WORK ITEM — Please repeat exactly, and only, the lines from the one containing "silver dollar) |" through the end of the records below, with no pictures.

##### SOURCE MATERIAL #####

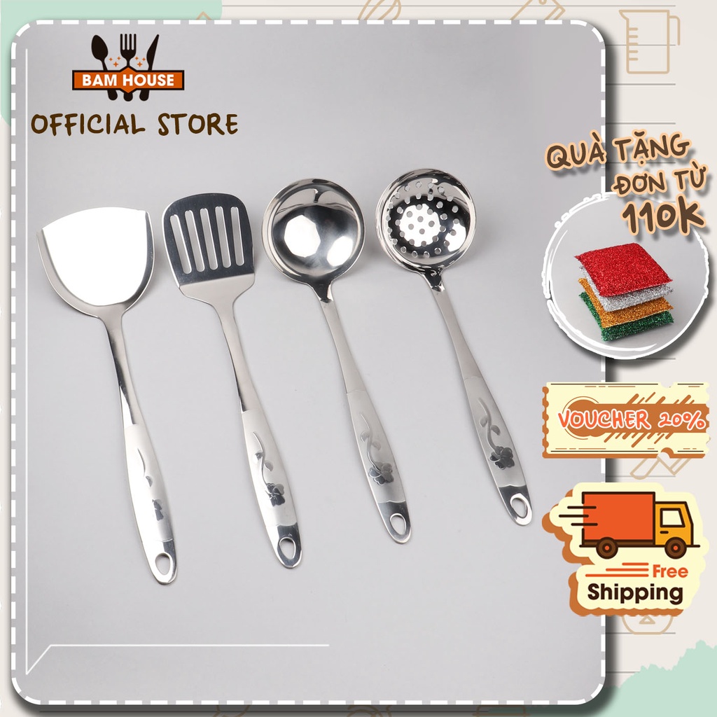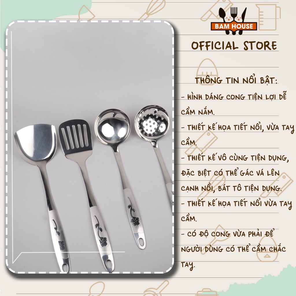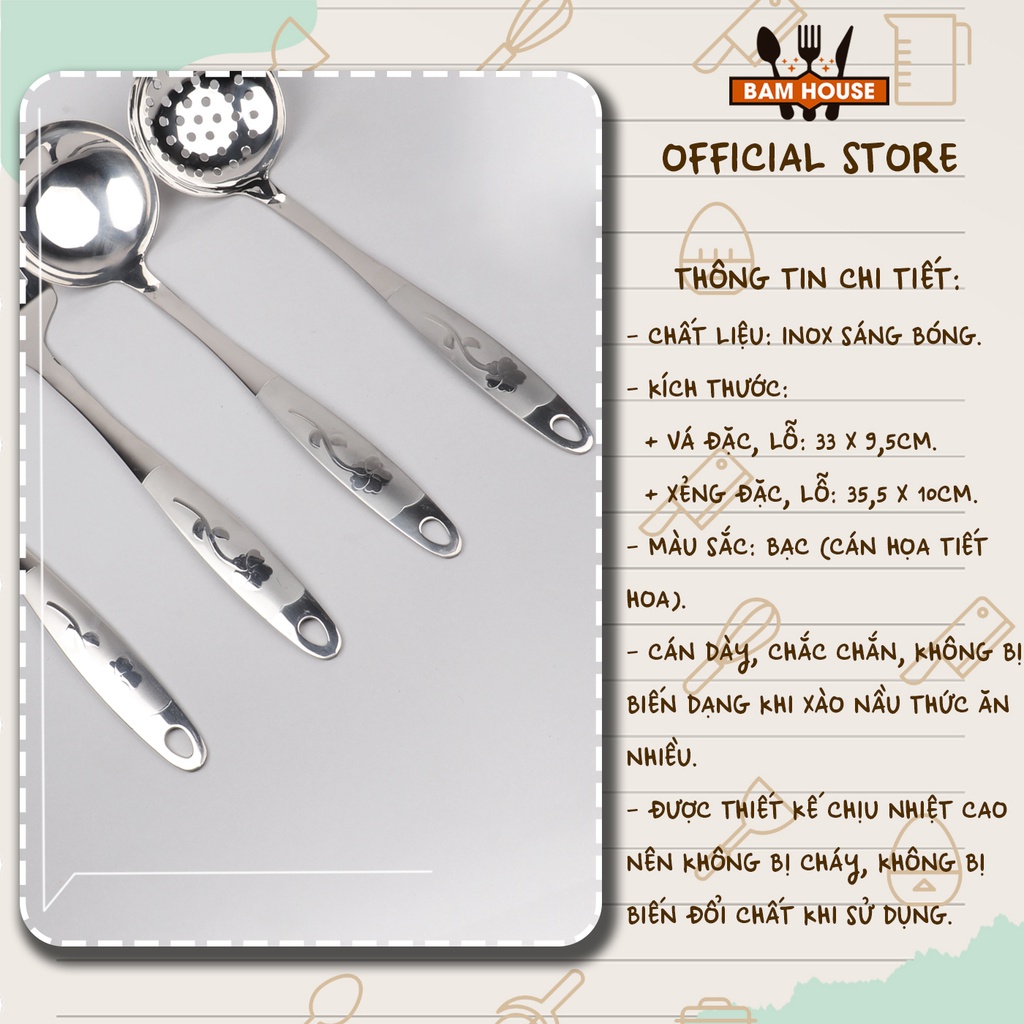 Nhà cửa & Đời sống > Dụng cụ nhà bếp > Cây vét bột & đồ gắp thức ăn || Set Vá đặc, Vá lỗ, Xẻng đặc, Xẻng lỗ inox Bam House cán hoa loại lớn cao cấp siêu bền SCH05 - Gia dụng bếpCòn hàng
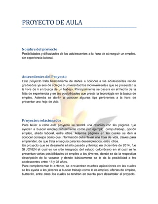 El proyecto aborda las dificultades que enfrentan los adolescentes sin experiencia laboral al buscar empleo, ofreciendo orientación sobre el uso de tecnología y consejos para mejorar su hoja de vida. Se incluyen análisis de herramientas digitales que facilitan la búsqueda de empleo, destacando la importancia de adaptar la hoja de vida y utilizar plataformas como Aliado Laboral, Computrabajo y Bumeran. Además, se propone desarrollar una página web informativa para ayudar a los estudiantes a acceder a oportunidades laborales.
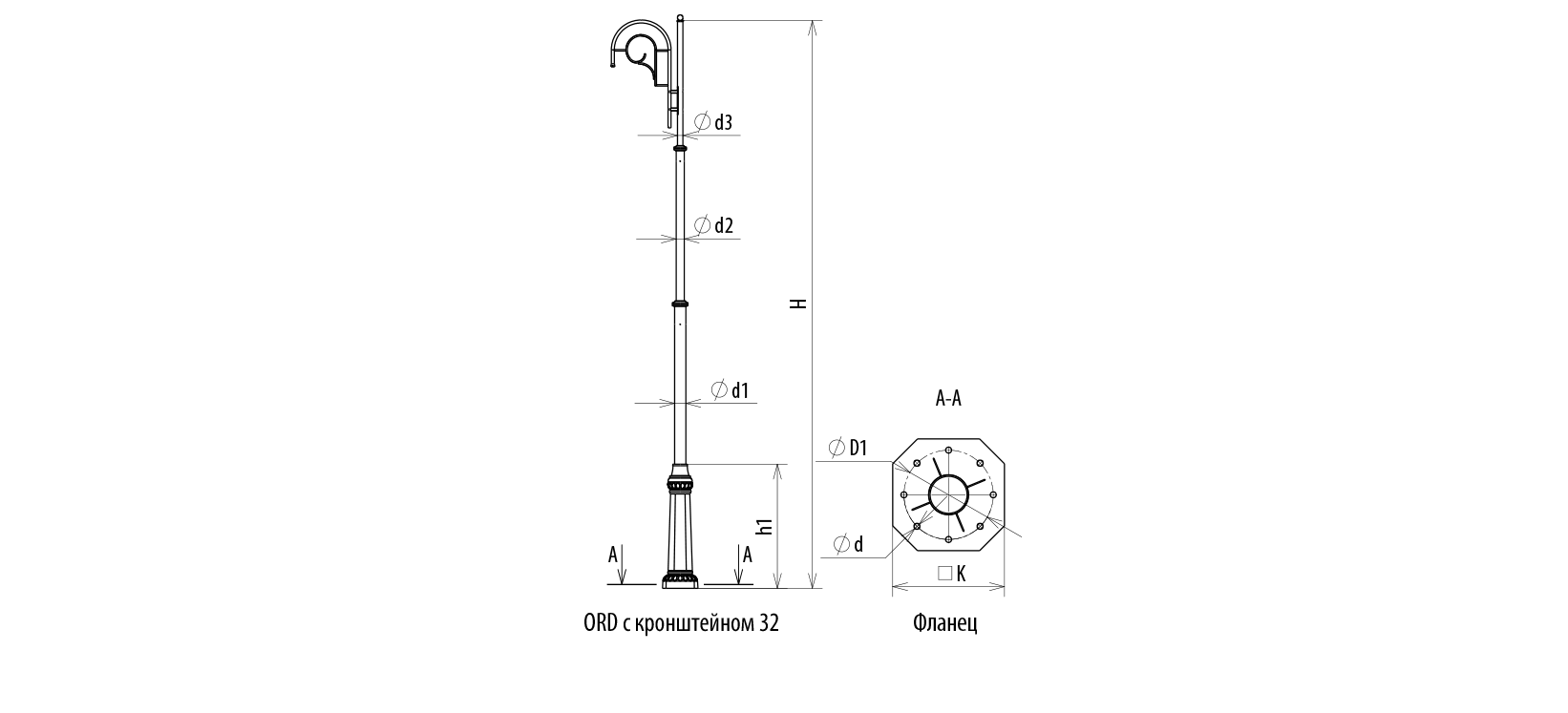 Ствол опор ORD состоит из трех отрезков стальных труб различного диаметра и представляет собой ступенчатую конструкцию. Переходы труб закрываются декоративным чугунным элементом.
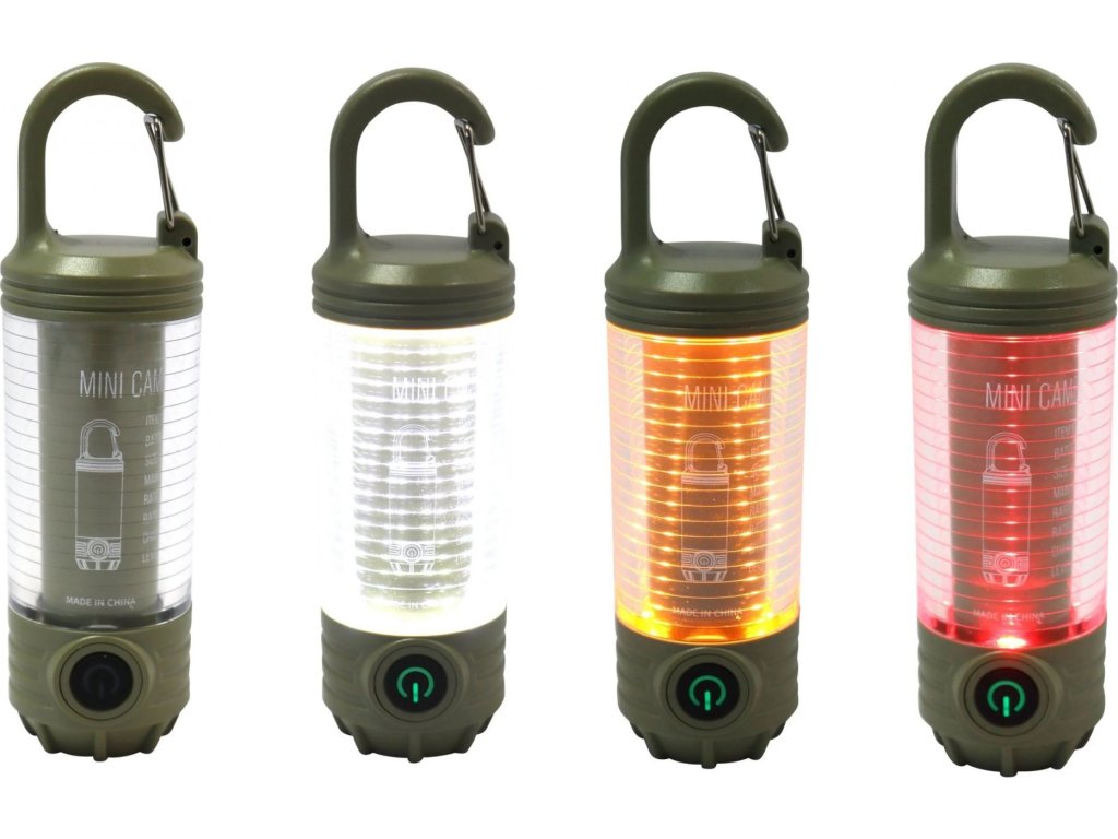 - Campingové vreckové LED svietidlo / nabíjací lampáš s karabínou na zavesenie.
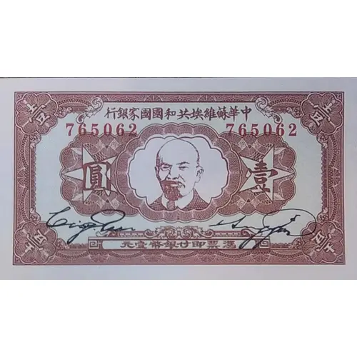 | Obverse lettering | 中華蘇維埃共和國國家銀行西北分行 壹圓 凭票即付银币一元 (Translation: CHINESE SOVIET REPUBLIC NATIONAL BANK - NORTHWEST BRANCH One Yuan Use to exchange for 1 silver dollar) |
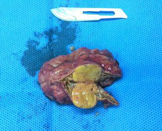 (图中金黄色的即为肾上腺肿瘤,大小约1.5公分)
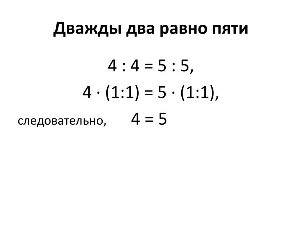 Дважды два равно пяти4 : 4 = 5 : 5,

#####

RESPONSE FOR THIS EXERCISE —
 | Obverse lettering | 中華蘇維埃共和國國家銀行西北分行 壹圓 凭票即付银币一元 (Translation: CHINESE SOVIET REPUBLIC NATIONAL BANK - NORTHWEST BRANCH One Yuan Use to exchange for 1 silver dollar) |
 (图中金黄色的即为肾上腺肿瘤,大小约1.5公分)
 Дважды два равно пяти4 : 4 = 5 : 5,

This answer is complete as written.